Overview of EDS research collected in PubMed between 1900 and 2021. (A) Research on EDS increased over years since its first publication in 1958. (B) Number of articles on each type of EDS with the bar of the parent EDS (GARD:0006322) in red. (C) Heatmap showing multiple types of EDS (column) discussed in one article (row), in dark red indicating the disease mentioned in an article.

Overview of EDS research collected in PubMed between 1900 and 2021. (A) Research on EDS increased over years since its first publication in 1958. (B) Number of articles on each type of EDS with the bar of the parent EDS (GARD:0006322) in red. (C) Heatmap showing multiple types of EDS (column) discussed in one article (row), in dark red indicating the disease mentioned in an article.

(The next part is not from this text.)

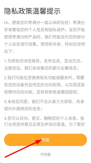 1、在隐私政策温馨提示弹窗中,点击同意,进入考满分登录页面。
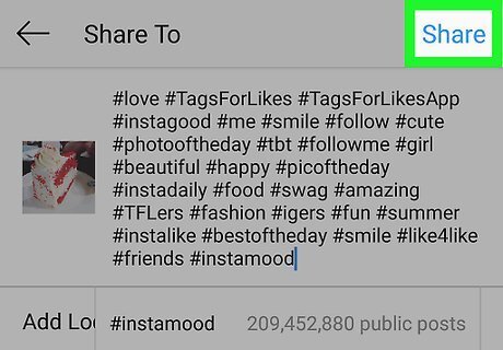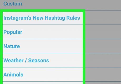 Select hashtags. Tap one or several hashtags that you'd like to add to an Instagram picture.

Case study 2: Application of drug repurposing

Nuedexta (DEXTROMETHORPHAN HYDROBROMIDE) is an oral medication approved by the U.S. Food and Drug Administration (FDA) in 2010 to treat pseudobulbar affect (PBA), a condition characterized by sudden and unpredictable episodes of crying or laughing seen in people with amyotrophic lateral sclerosis (ALS) and other neurological conditions (Sever et al., 2022). In this case study, we aimed at investigating the potential use of Dextromethorphan for other RDs as an application of drug repurposing. As shown in Figure 5, three main clusters were manually identified by reviewing the results from the Cypher Query 6 to discover any RDs potentially associated with Dextromethorphan as a substance reported in the articles. For the cluster A, it shows Dextromethorphan was widely studied for glycine encephalopathy (GE, GARD:0007219), an inherited metabolic disease characterized by abnormally high levels of an amino acid called glycine, which is a chemical messenger that transmits signals in the brain. Among the seventeen articles discussing Dextromethorphan and GE, 15 of them investigated Dextromethorphan as one potential therapeutic usage for GE in infants, one subtype of GE, which might be owing to the shared clinical features including intellectual disability, abnormal movements, and behavioral problems between GE and ALS. For the cluster B, it shows Dextromethorphan has potential usage for seven rare neurological diseases including Rett syndrome, Macrophage activation syndrome, Lennox-Gastaut syndrome, and Molybdenum cofactor deficiency. Glycine level might be affected by Dextromethorphan treatment for these RDs, for example, through methylation-related mechanism in Rett syndrome (with a mutation in methyl-CpG-binding protein 2 [MECP2]) or through glycogen synthase kinase in Macrophage activation syndrome (Chen et al., 2018). For the cluster C, five RDs including Ectopia pupillae and Pustular psoriasis have been studied as side effects of Dextromethorphan, which provides interesting hints to support drug repurposing via side effects offering a human phenotypic profile for the drug, and this profile might suggest additional disease indications (Yang and Agarwal, 2011). It is worthy to note that we manually reviewed and clustered the results in the aforementioned three groups and, additionally, we identified four ungrouped articles are false positives, which are not correlated to Dextromethorphan. The complete review results can be found in Supplementary material.
Figure 5

Discovery of alternative use of dextromethorphan for other rare diseases. (A) Dextromethorphan was widely studied for glycine encephalopathy (GE, GARD:0007219). (B) Dextromethorphan has potential usage for seven rare neurological diseases including Rett syndrome. (C) Five RDs including Ectopia pupillae and Pustular psoriasis have been studied as side effects of Dextromethorpha.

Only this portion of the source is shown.